Sorry. This is another gloomy post. I've just read a Guardian story about all the workers who have died in Qatar during the construction of the stadiums there ahead of next year's World Cup (that's the Football - ie soccer - World Cup, fellow Kiwis).
According to the paper, 6,500 migrant workers from India, Pakistan, Nepal, Bangla Desh and Sri Lanka have died in the ten years since Qatar won hosting rights. And that's not counting all the other "guest workers" from Kenya and the Philippines, who are also numerous on the building sites in this small, very rich but, outside of Doha, kind of bleak country. There are probably many, many more unrecorded.

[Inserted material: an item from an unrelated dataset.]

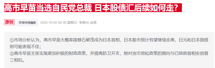消息面上,日本前經(jīng)濟安全保障擔當大臣高市早苗在上周六舉行的日本自民黨總裁選舉中勝出,由此成為自民黨首位女總裁,并有望成為日本首位女首相。
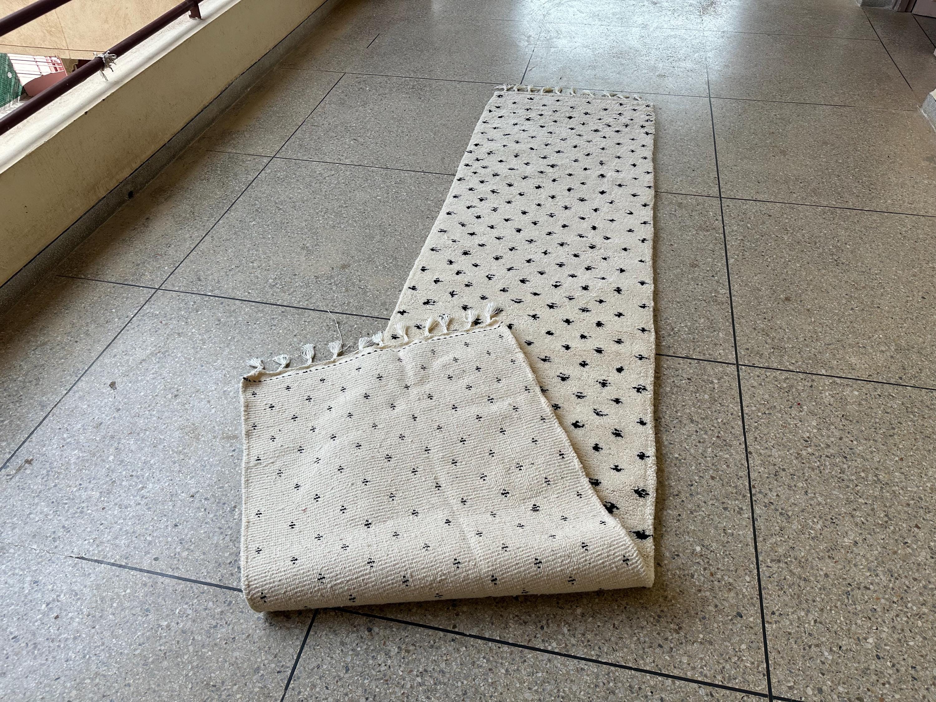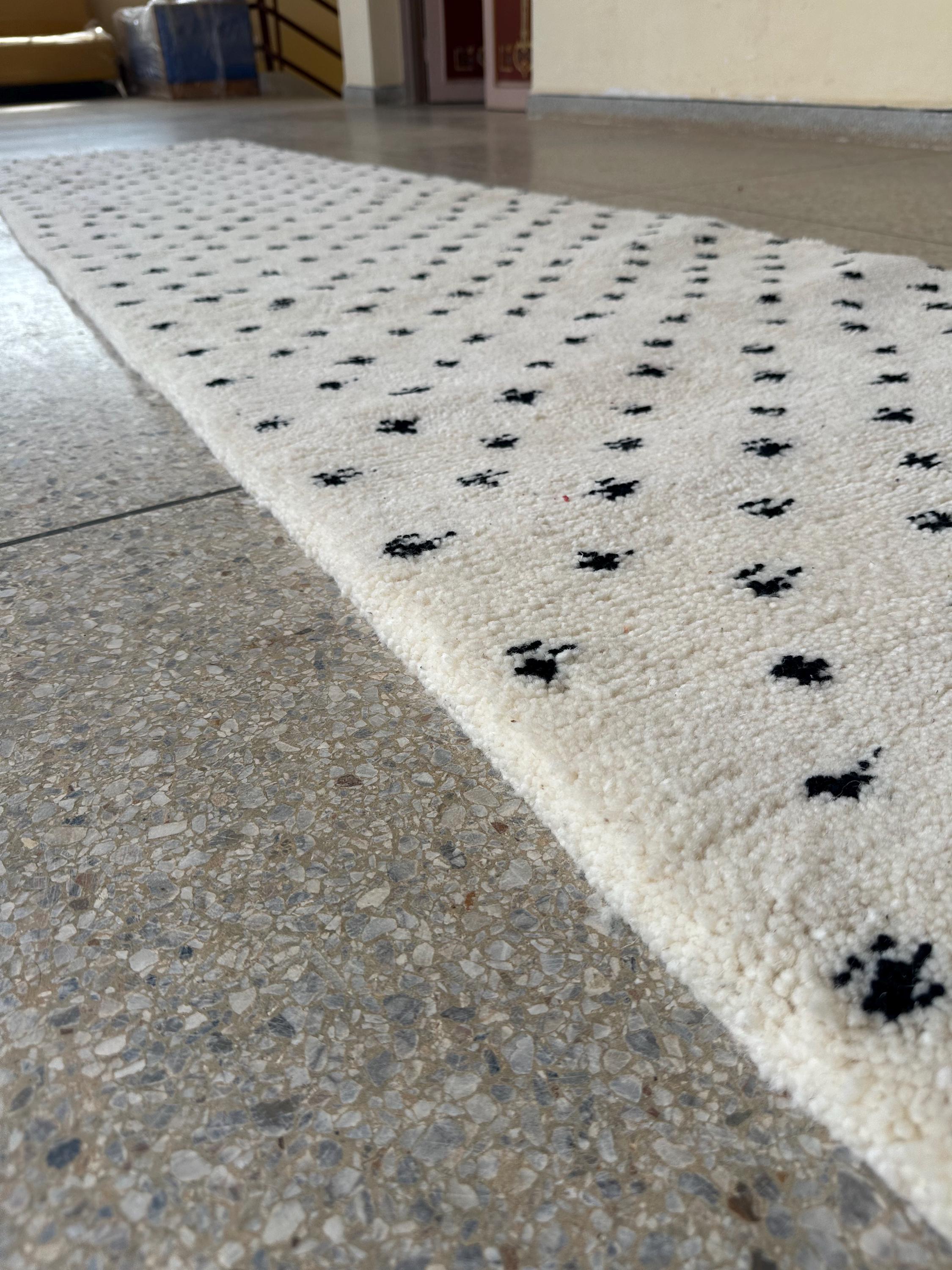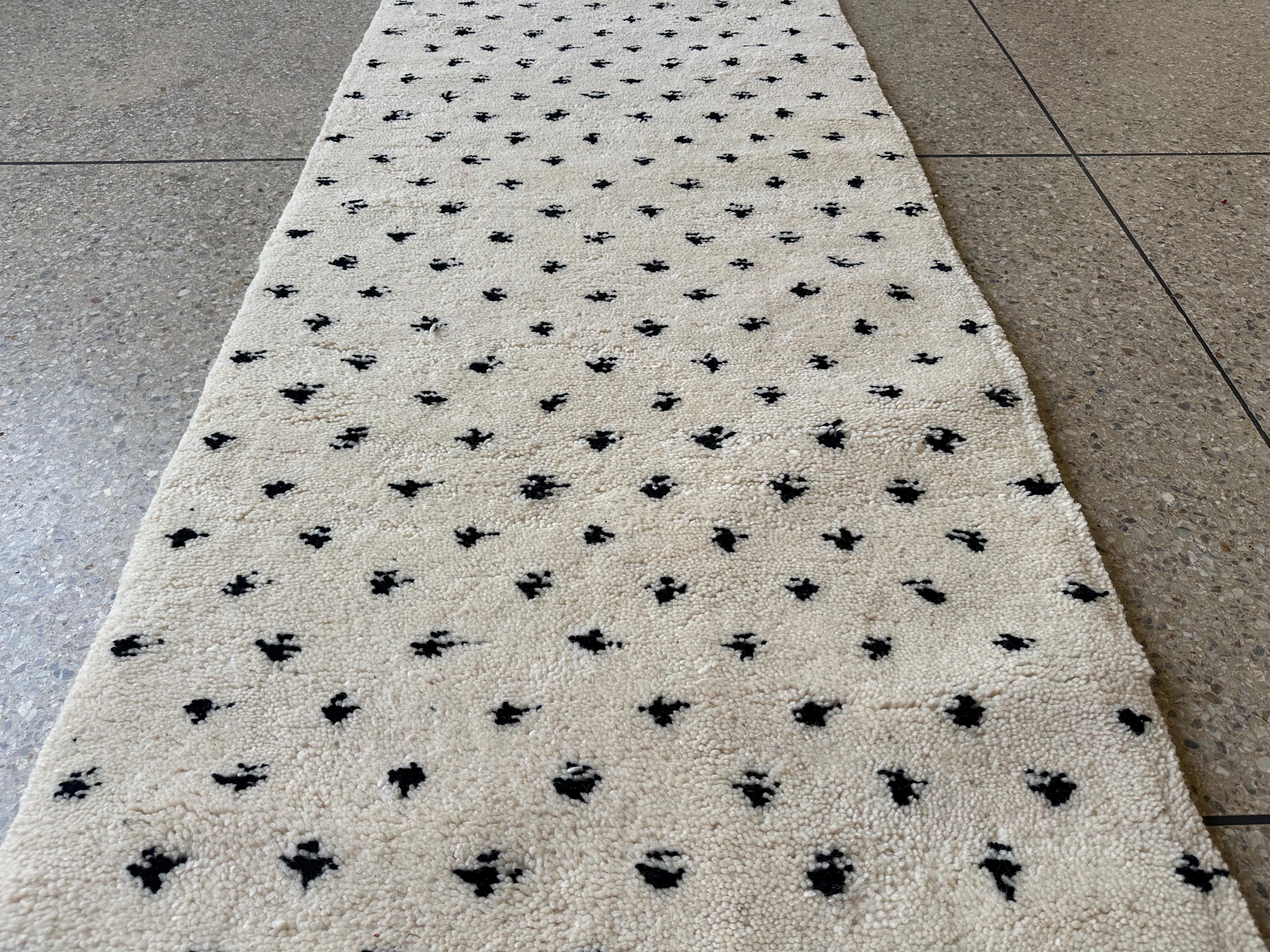 Bring timeless elegance to your home with this stunning black and white dotted Moroccan runner! Handwoven from soft, natural sheep wool, this Beni Ourain rug is the perfect blend of tradition and modern design. Its minimalist yet artistic dotted pattern makes it a versatile piece for hallways, entryways, or even as a stylish accent in your living room. Designed for Scandinavian and contemporary home styles, this luxurious runner adds warmth, texture, and authenticity to your space. Upgrade your decor with this handcrafted masterpiece today!

I was there in 2019, courtesy of Qatar Airways who were wanting to push their new route to Auckland, and we got the full publicity barrage. It was impressive, seeing the plans for the stadiums (stadia), even the one that looks like a vulva, and what they'd already finished. The whole city was bristling with cranes and scaffolding, and it was easy to get caught up in the excitement of what they were preparing for so enthusiastically.
Even then, though, there was some quiet muttering, and I looked at the air-conditioned glass bus shelters on the streets, and wondered how on earth men, even from hot countries, could cope with working physically, in dangerous conditions, in such stifling heat. We did see them, of course, on the building sites and around the streets, in their helmets and boiler suits and they didn't look cheerful. It's not surprising that, as well as deaths from falls and other causes, and the vast majority of fatalities due to what Qatar blithely categorises as "natural causes" - ie heat - a fair chunk of the figures are down to suicide. Poor things. It's the final (actually, the first) insult, that they had to pay to go there to work.